WORK TO COMPLETE: An exact copy of all records is expected, minus the images.
━━━━━━
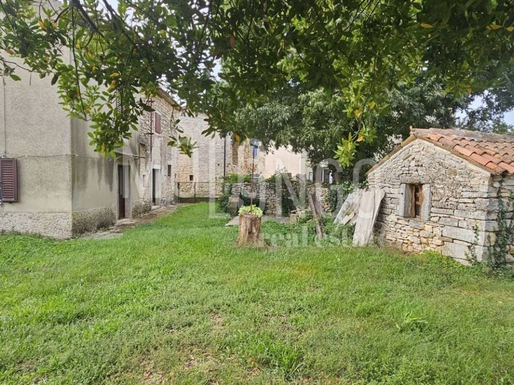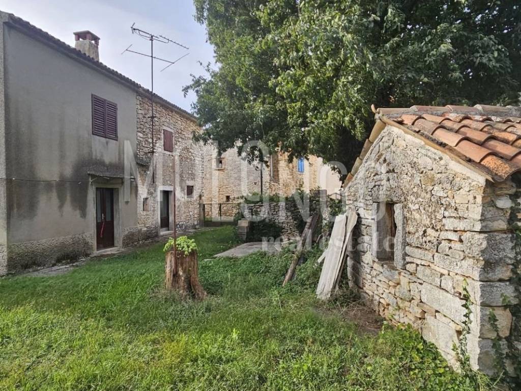 Istra, Šišan, stara kamena kuća za adaptaciju s okućnicom od 290m2. Jednom stranom vezana je za kuću do. Prostire se na 3 etaže: prizemlja, prvog kata i potkrovlja a svaka etaža broji 28m2.
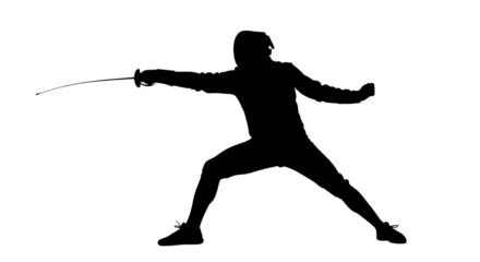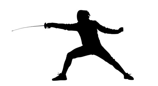 Swordsmen silhouettes in dynamic fencing pose on transparent background
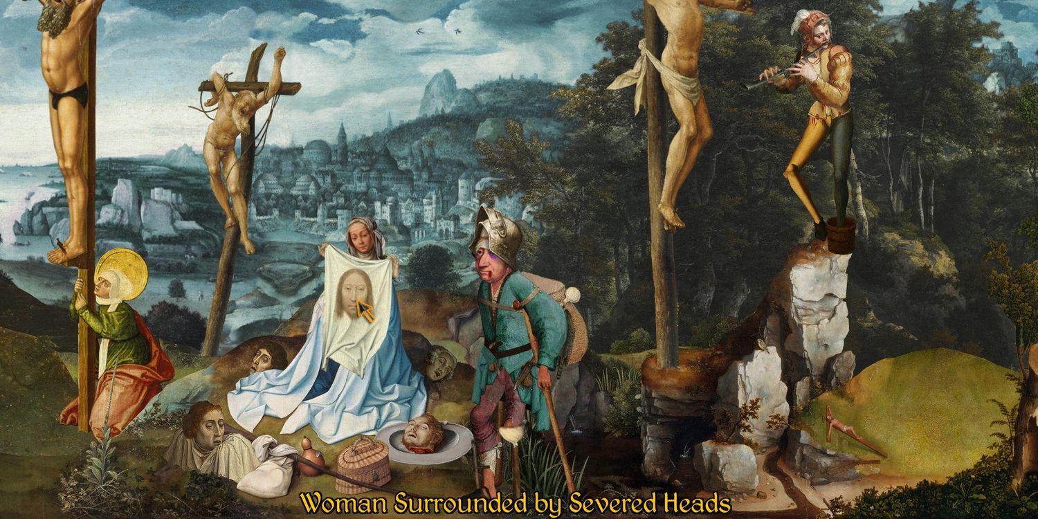 Es imposible no encontrar el entorno de La Procesión al Calvario hermoso, ya que está lleno de algunas de las pinturas más conocidas de la historia de la humanidad. El desarrollador, Joe Richardson (creador del aclamado por la crítica Cuatro últimas cosas), básicamente cortó y pegó personas de estas pinturas para usarlas como personajes en su juego. Esto significa que todos los movimientos y acciones de los personajes son erráticos y completamente bidimensionales. Esto se suma al humor, ya que el protagonista corre por el entorno de una manera intencionalmente antinatural.
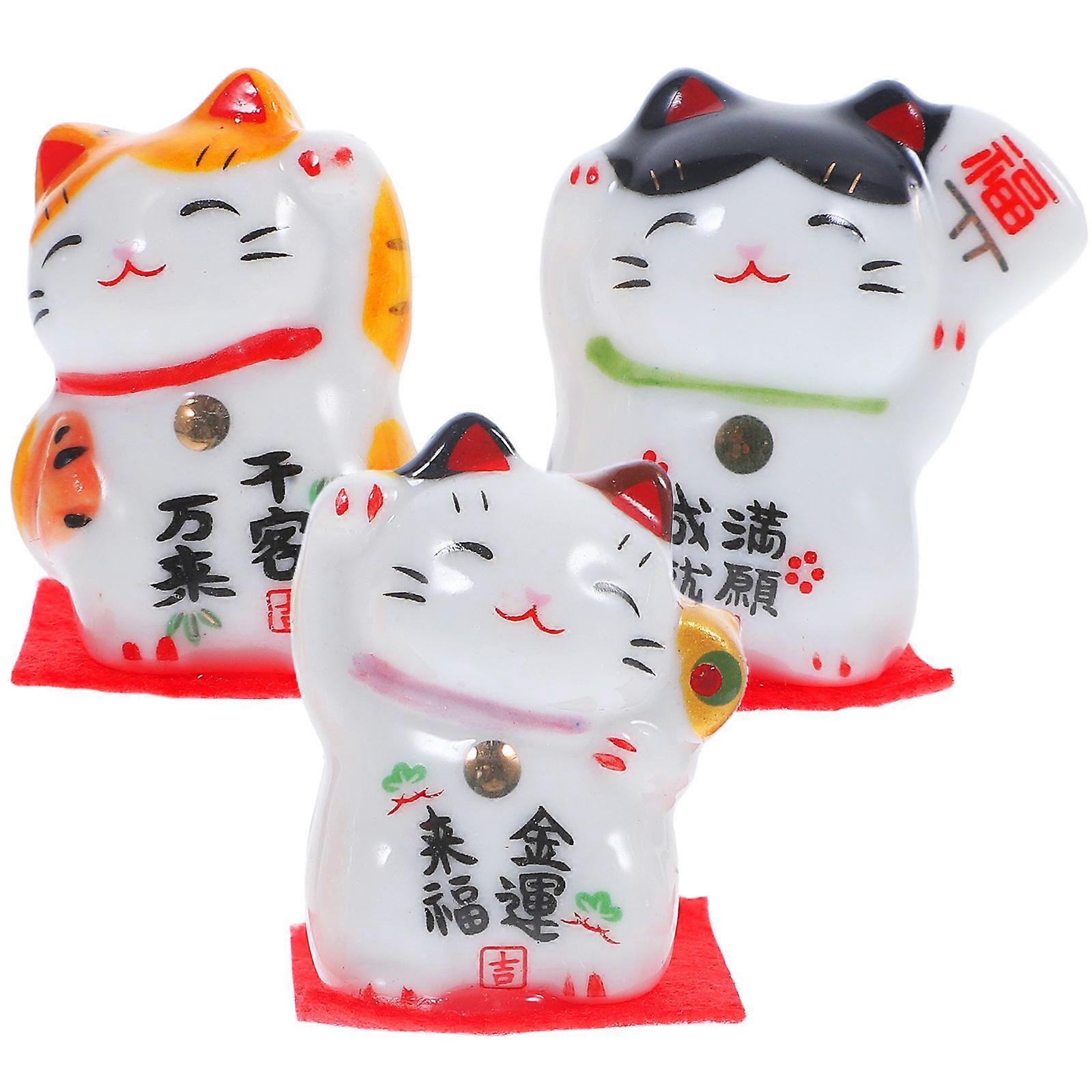 3pcs Mini Ceramic Fortune Cat Figurines Desktop Decor Creative Tabletop Adornments for Living Room Office Home Gift
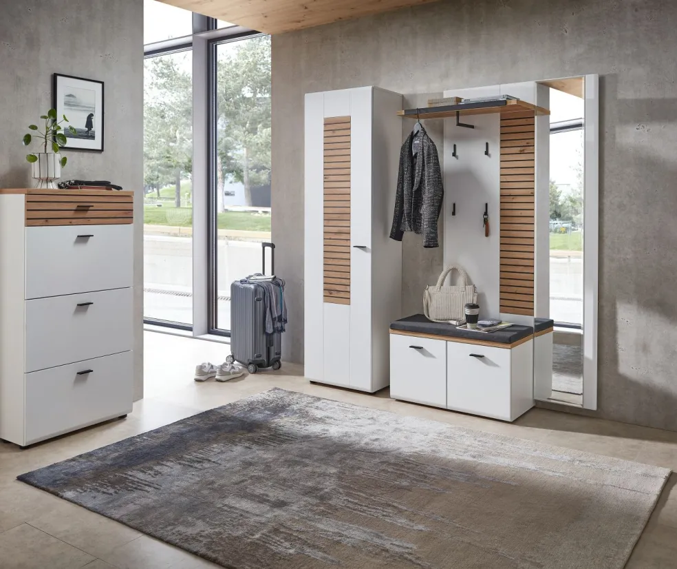 Façade: MDF (panneau de fibres de bois de densité moyenne) ton blanc mat et contrastes MDF décor chêne Artisan aspect lattes de bois
━━━━━━
SOLUTION FOR THIS TASK:
 Istra, Šišan, stara kamena kuća za adaptaciju s okućnicom od 290m2. Jednom stranom vezana je za kuću do. Prostire se na 3 etaže: prizemlja, prvog kata i potkrovlja a svaka etaža broji 28m2.
 Swordsmen silhouettes in dynamic fencing pose on transparent background
 Es imposible no encontrar el entorno de La Procesión al Calvario hermoso, ya que está lleno de algunas de las pinturas más conocidas de la historia de la humanidad. El desarrollador, Joe Richardson (creador del aclamado por la crítica Cuatro últimas cosas), básicamente cortó y pegó personas de estas pinturas para usarlas como personajes en su juego. Esto significa que todos los movimientos y acciones de los personajes son erráticos y completamente bidimensionales. Esto se suma al humor, ya que el protagonista corre por el entorno de una manera intencionalmente antinatural.
 3pcs Mini Ceramic Fortune Cat Figurines Desktop Decor Creative Tabletop Adornments for Living Room Office Home Gift
 Façade: MDF (panneau de fibres de bois de densité moyenne) ton blanc mat et contrastes MDF décor chêne Artisan aspect lattes de bois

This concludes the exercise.